Our diversity of faculty attracts exceptional graduate students from all areas of Medieval Studies and guides them to dissertations on a broad range of literatures, disciplines, contexts, and approaches. Work in primary archival materials—and the related fields of paleography, codicology, and textual criticism—is well supported by abundant library resources, as well as by faculty dedicated to these fields. Work in gender and sexuality studies, issues of race, ethnicity, and class, medieval and modern literary theory, archaeology and material culture, and the post-medieval reception, use, and abuse of the “Middle Ages” is also well supported by Program faculty and supplemented by the full array of other Departments and Programs at Cornell.  Resources for studying Latin and most medieval vernacular languages (including Celtic, East Asian, Germanic, Romance, Semitic, and Slavonic languages) are a mainstay of the Program.

Students from many other doctoral programs at Cornell are closely involved in the Medieval Studies Program, which cultivates a lively and varied community of medievalists that spans Cornell’s College of Arts and Sciences.
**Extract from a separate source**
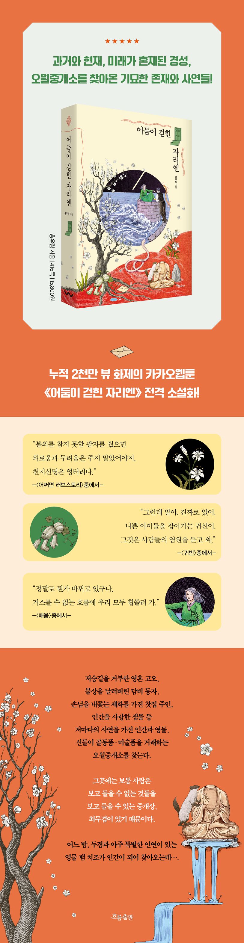 저자 홍우림은 카카오웹툰 누적 조회수 1억 뷰의 문제작 『묘진전』을 쓰고 그린 젤리빈 작가로, 이 소설은 저자가 카카오웹툰에서 연재한 『어둠이 걷힌 자리엔』을 직접 각색한 작품이다. 웹툰으로 다 표현해내지 못한 인물들의 감정과 이야기를 글을 통해 조금 더 깊이 있게 담아냈으며, 원작에는 없는 이야기 「감기지 않는 눈」을 새롭게 써넣었다.

In turn, students in Medieval Studies may work with any faculty members in Cornell’s Graduate Field and pursue any courses pertinent to their training and research. Traditional coursework and seminars are supplemented by formal and informal reading groups, independent studies, regular lectures and workshops from visiting scholars, and the annual Medieval Studies Student Colloquium.

The program does not ordinarily admit students seeking a terminal M.A. degree. Ph.D. degree candidates are granted the M.A. degree after successful completion of course work and the general field exams.

Contact Information

Website: http://www.medievalstudies.cornell.edu
Email: medievalst@cornell.edu
Phone: 607 255-8545

259 Goldwin Smith Hall
Cornell University
Ithaca, NY  14853

Concentrations by Subject

  • medieval archaeology
  • medieval art
  • medieval history
  • medieval literature
  • medieval music
  • medieval philology and linguistics
  • medieval philosophy

Tuition

Visit the Graduate School's Tuition Rates page.

Application Requirements and Deadlines

Application Deadlines:

Fall, Jan. 15; no spring admission

Requirements Summary:

Ideally, an undergraduate major in one of the participating disciplines, including college-level Latin (or another medieval language, as appropriate) and modern research languages, should precede graduate concentration in this field. All applicants are required to submit a 20-page writing sample on a medieval topic and three letters of recommendation. For additional information, visit our website.

Learning Outcomes

The Graduate Field of Medieval Studies trains Ph.D. students to conduct interdisciplinary research with a focus on an area of specialization. The Field fosters students’ wholehearted engagement with integrating relevant materials and approaches from across the disciplinary spectrum into a personal research vision.

When students complete the Ph.D., they should be able to:

  1. make an original and substantial contribution to the field.
  2. demonstrate an in-depth knowledge of one major concentration within the field.
  3. have a broad knowledge of research and theory across three or more concentrations, comprising a major concentration and two or more minor ones (which may include one minor concentration from another Graduate Field outside Medieval Studies). At least one minor concentration should be in a discipline different from that of the student’s major concentration.
  4. demonstrate working proficiency in at least one major medieval language (typically Latin) and two major modern research languages.
  5. communicate research findings effectively in written and in spoken presentations.
  6. demonstrate effective skills in undergraduate teaching and potential for graduate teaching.